Exercise details:
Keep the pictures out, please, and set down every record exactly.

[Data records]
────────────────────
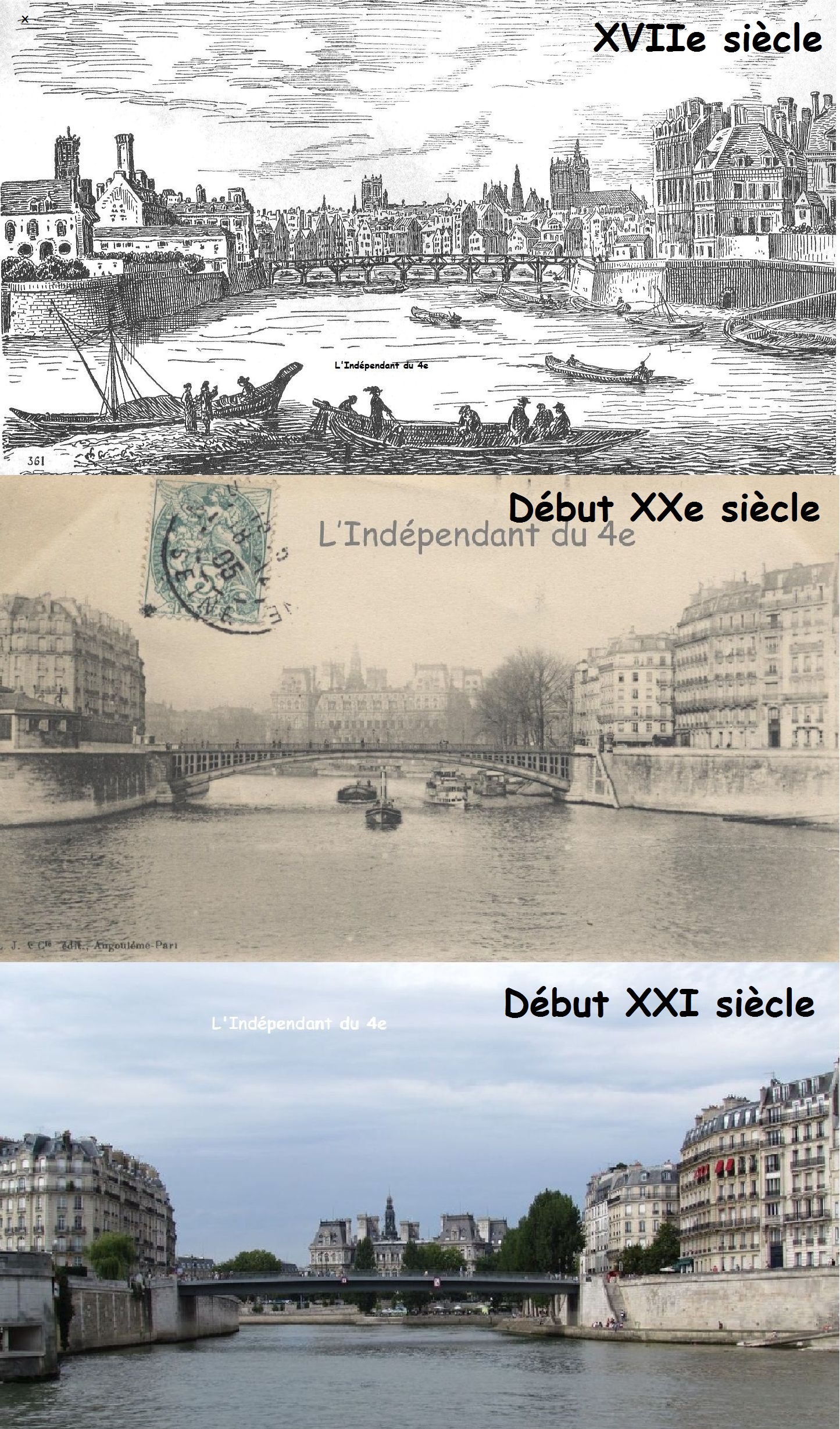 Le pont Saint-Landry est le nom du 1er pont qui a relié la pointe Est de l'ïle de la Cité que l'on voit à gauche et la pointe Ouest de l'ïle Saint-Louis que l'on voit à droite.
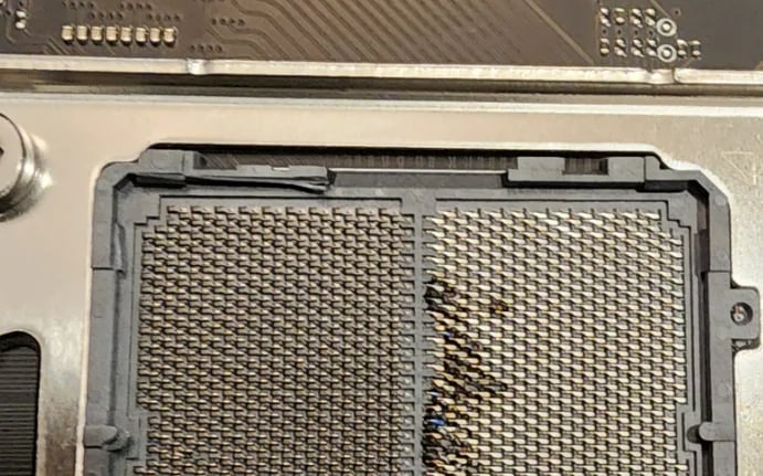 Dans ce cas précis, le socket semble visiblement endommagé, ce qui aurait pu empêcher une installation correcte du processeur. D'autres utilisateurs de Reddit ont avancé cette théorie, mais l'utilisateur lui-même reconnaît que la cause pourrait être aussi une erreur de manipulation.
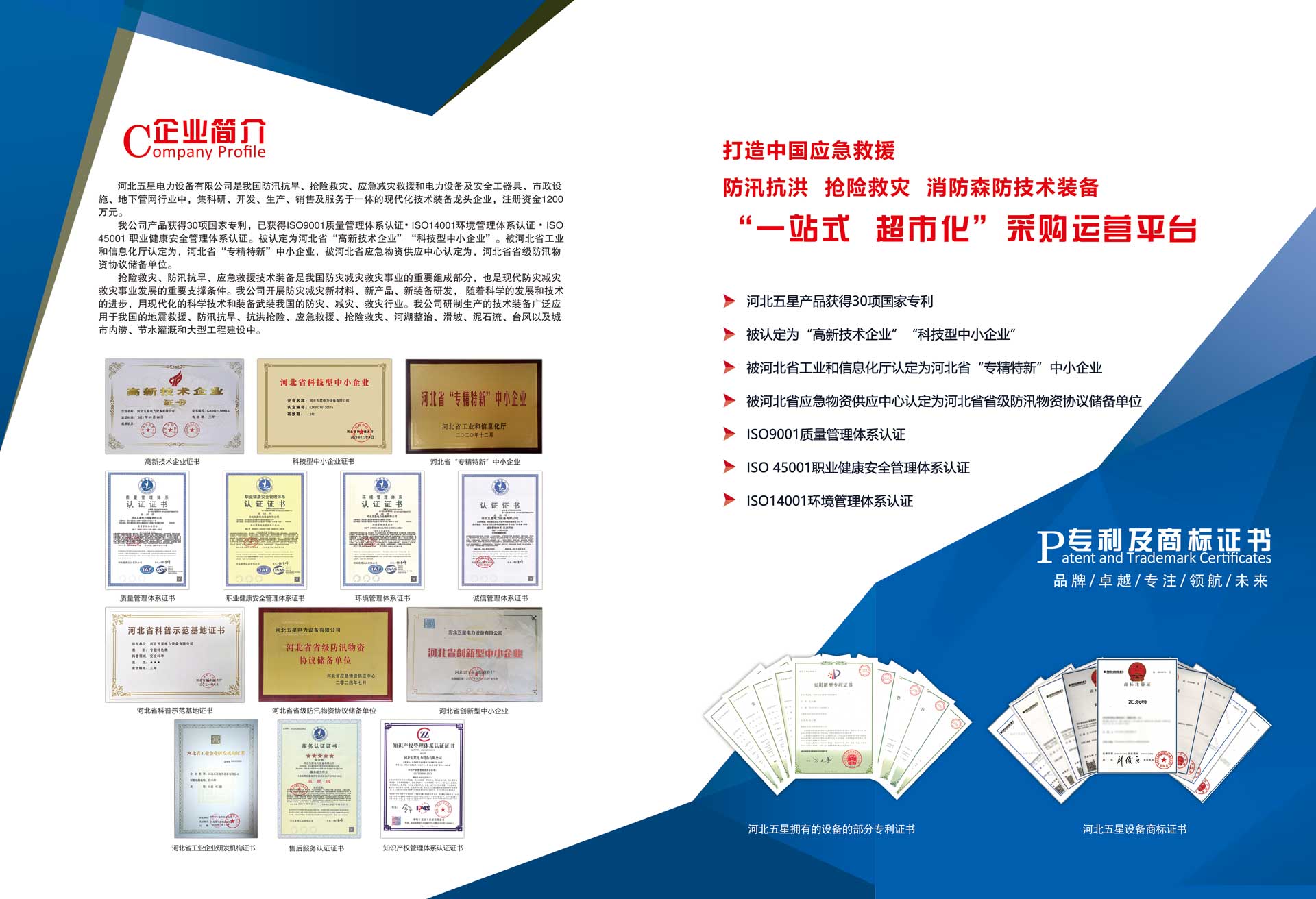 河北五星電力設(shè)備有限公司是我國防汛抗旱、搶險救災(zāi)、應(yīng)急減災(zāi)救援和電力設(shè)備及安全工器具、市政設(shè)施、地下管網(wǎng)行業(yè)中,集科研、開發(fā)、生產(chǎn)、銷售及服務(wù)于一體的現(xiàn)代化技術(shù)裝備高新技術(shù)企業(yè),注冊資金1200萬元?! ∥夜井a(chǎn)品已獲得ISO9001質(zhì)量管理體系...
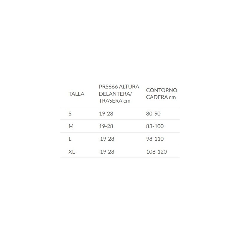 | TALLA | PRS666 ALTURA DELANTERA/TRASERA cm | CONTORNO CADERA cm |
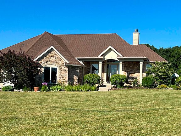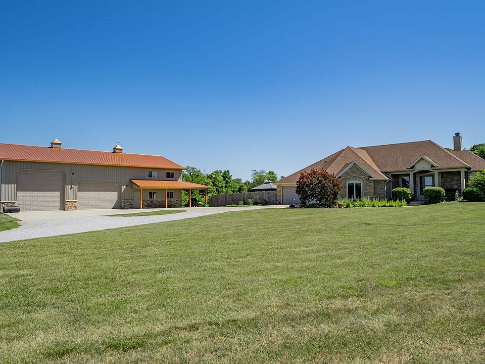 23 fantastic, partially wooded acres that surround an impressive over 4000 sq ft Bob Buescher custom build home featuring 4 bedrooms--2 on main level and 2 on lower level with 3 full and 1 ½ baths. A winding drive brings you past a quarter acre aerated pond to the home and a custom barn. Imagine a 2688 sq. ft. barn with steel and drywall finished interior over foam and batt insulation offering an upper level 840 sq. ft. office/apartment with heat and air, as well as a 840 sq. ft. shop with heat and air on the main level. Inclusive of a 16' RV door and 12' 2 bay door, pull-down LifeStyle screens installed on 2 bay side of barn and also on house garage. This well-designed home features Harlan custom cabinets, walk in pantry, HD TV antennae in attic, surround sound wired upper and lower levels, rear deck access from dining area and master bedroom, concrete patio, large fenced yards and natural drain basement--no sump pump needed. Beautiful, private wide trails throughout the woods for walking or riding. Pond is stocked with fish appropriate for swimming and aerated year-round, beach area and sand ramp to enter. Total utilities $475.00 to $500.00 avg monthly with Water Furnace geothermal open loop system. Main house wired with separate generator panel covering key home areas, generator provided with 7000 running watts and new battery for electric start. Tons of storage in the house and barn. Front and back fields are farmed by local farmer--this year soybeans giving a well-maintained property view as you drive in.
────────────────────
Solved problem:
 Le pont Saint-Landry est le nom du 1er pont qui a relié la pointe Est de l'ïle de la Cité que l'on voit à gauche et la pointe Ouest de l'ïle Saint-Louis que l'on voit à droite.
 Dans ce cas précis, le socket semble visiblement endommagé, ce qui aurait pu empêcher une installation correcte du processeur. D'autres utilisateurs de Reddit ont avancé cette théorie, mais l'utilisateur lui-même reconnaît que la cause pourrait être aussi une erreur de manipulation.
 河北五星電力設(shè)備有限公司是我國防汛抗旱、搶險救災(zāi)、應(yīng)急減災(zāi)救援和電力設(shè)備及安全工器具、市政設(shè)施、地下管網(wǎng)行業(yè)中,集科研、開發(fā)、生產(chǎn)、銷售及服務(wù)于一體的現(xiàn)代化技術(shù)裝備高新技術(shù)企業(yè),注冊資金1200萬元?! ∥夜井a(chǎn)品已獲得ISO9001質(zhì)量管理體系...
 | TALLA | PRS666 ALTURA DELANTERA/TRASERA cm | CONTORNO CADERA cm |
 23 fantastic, partially wooded acres that surround an impressive over 4000 sq ft Bob Buescher custom build home featuring 4 bedrooms--2 on main level and 2 on lower level with 3 full and 1 ½ baths. A winding drive brings you past a quarter acre aerated pond to the home and a custom barn. Imagine a 2688 sq. ft. barn with steel and drywall finished interior over foam and batt insulation offering an upper level 840 sq. ft. office/apartment with heat and air, as well as a 840 sq. ft. shop with heat and air on the main level. Inclusive of a 16' RV door and 12' 2 bay door, pull-down LifeStyle screens installed on 2 bay side of barn and also on house garage. This well-designed home features Harlan custom cabinets, walk in pantry, HD TV antennae in attic, surround sound wired upper and lower levels, rear deck access from dining area and master bedroom, concrete patio, large fenced yards and natural drain basement--no sump pump needed. Beautiful, private wide trails throughout the woods for walking or riding. Pond is stocked with fish appropriate for swimming and aerated year-round, beach area and sand ramp to enter. Total utilities $475.00 to $500.00 avg monthly with Water Furnace geothermal open loop system. Main house wired with separate generator panel covering key home areas, generator provided with 7000 running watts and new battery for electric start. Tons of storage in the house and barn. Front and back fields are farmed by local farmer--this year soybeans giving a well-maintained property view as you drive in.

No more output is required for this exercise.